Life, Love, Long Hair, Weeping and Gnashing of Teeth, and other mysteries

All this and more, from a semi-Serbian, slightly sane, former editor for physicians and surgeons, who is the mother of seven kids.


Tuesday 31 January 2012

Hot Beverages - No Shugga Tonight!


As I poured myself a cup from the pot of coffee my 17-year-old daughter brewed, I thought of how nice it is that she makes coffee.

Then I thought of how my 19-year-old daughter used to set out two mugs before bed - one for me and one for herself - each with a green-tea bag leaning up against it, ready for the morning, back before she grew up and moved out on her own.

And then I remembered how my 14-year-old daughter used to be "the Krakus maker" when she was little.  I'd be working on something homeschooly in the living room with her older two sisters, and she'd call from the kitchen, "Who wants Krakus?" And she'd make a tea-pot full of it for us all.

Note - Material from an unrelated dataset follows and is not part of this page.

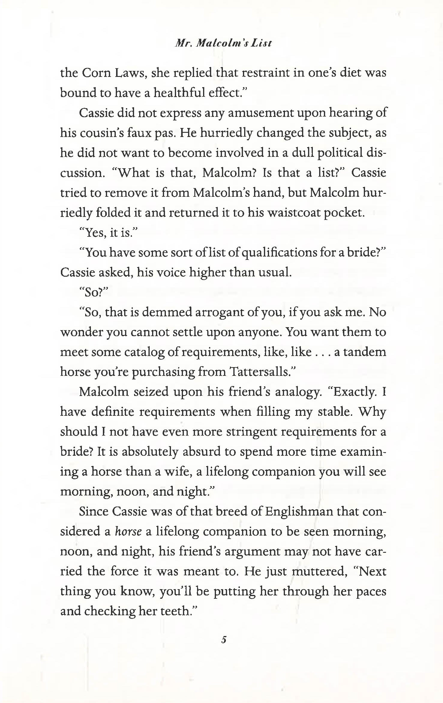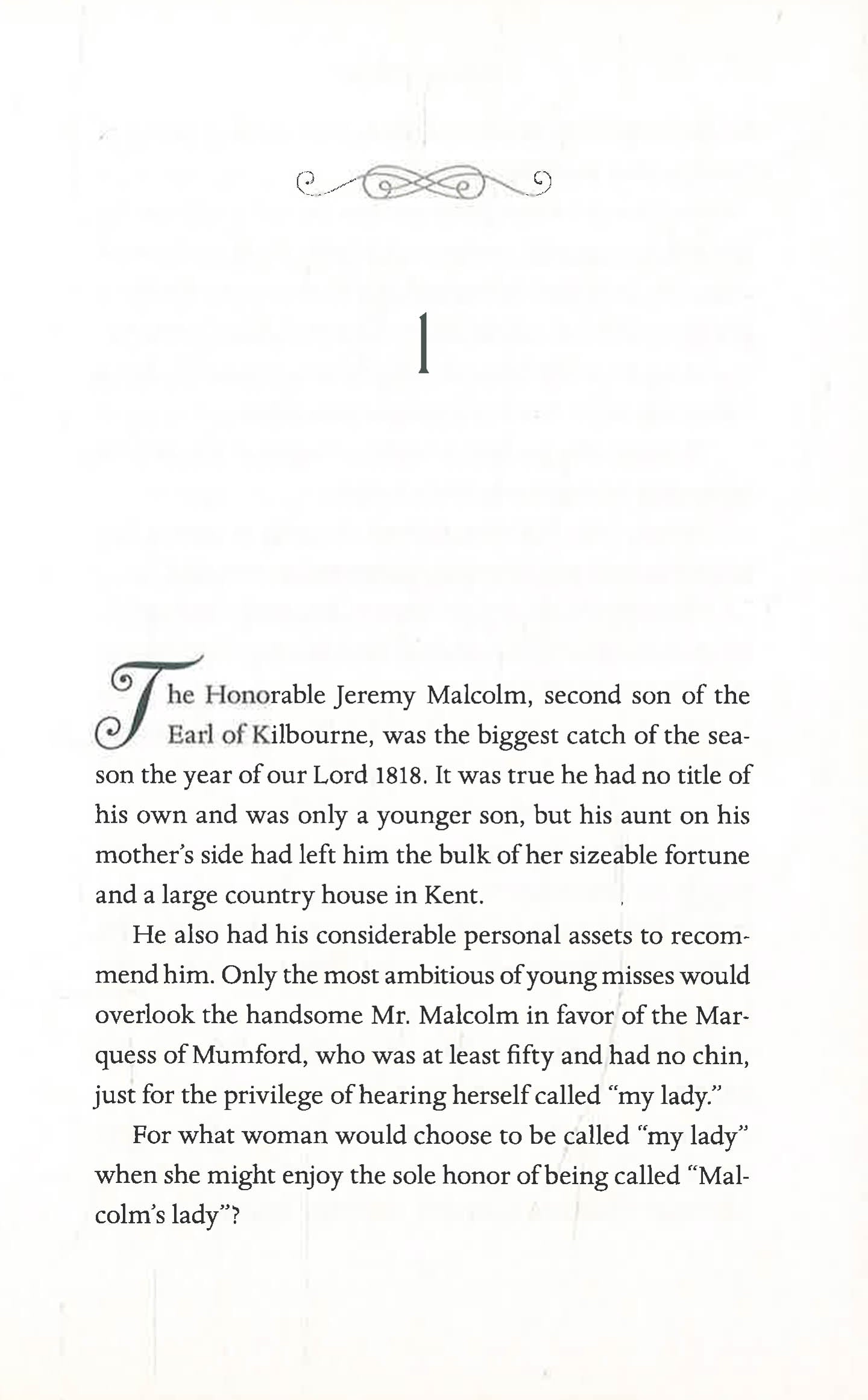The Honourable, excessively handsome, excessively wealth and perhaps a tad egotistical, Mr Malcolm is searching for a wife - but not just any wife. He's armed himself with a list of ideal qualities that his future wife will have to embody. After years of searching, he's beginning to despair of ever finding this paragon . . . until Selina Dalton arrives in town.

Hot beverages.  They warm more than your mouth.  They warm your heart.

That sounds corny!

Reminds me of the adage about firewood warming you twice.  I do know that to be true, having split many a log round in my day.  A splitting maul and sledge-hammer were a couple of my buddies back in the wilderness of Alaska.

Hmm... Maybe I'll blog about my Alaska days sometime.


Thinking further back, I remember when my mom left my dad, when I was in my late teens.  The biggest hole in my life with her being gone was that I missed drinking coffee with her in the mornings before I went to work.

Further back still, I recall how my dad used to make me hot tea with whiskey or wine in it whenever I got sick.  Not a huge amount, mind you.  About a cap-full (which, being whiskey, could taste pretty darn strong) in a cup of Red Rose tea, mixed with honey.

He did that as far back as I can remember.  I always assumed it was a Serbian thing he carried over from "de old country".

More than the temporary sleepiness or physical healing brought by the medicinal beverages, though, I still carry the indelible love benefits of the memory, feeling my dad's long-ago concern for me.

And best of all, for me, was when my dad came home from work, he'd often say, "Who wants the speck?"

"The speck" was the last few drops of lukewarm coffee with sugar and milk in my dad's construction-site-worn thermos.

The tradition of "the speck" continues as all my kids have gotten specks from me.

But really, it's the little things... ya know?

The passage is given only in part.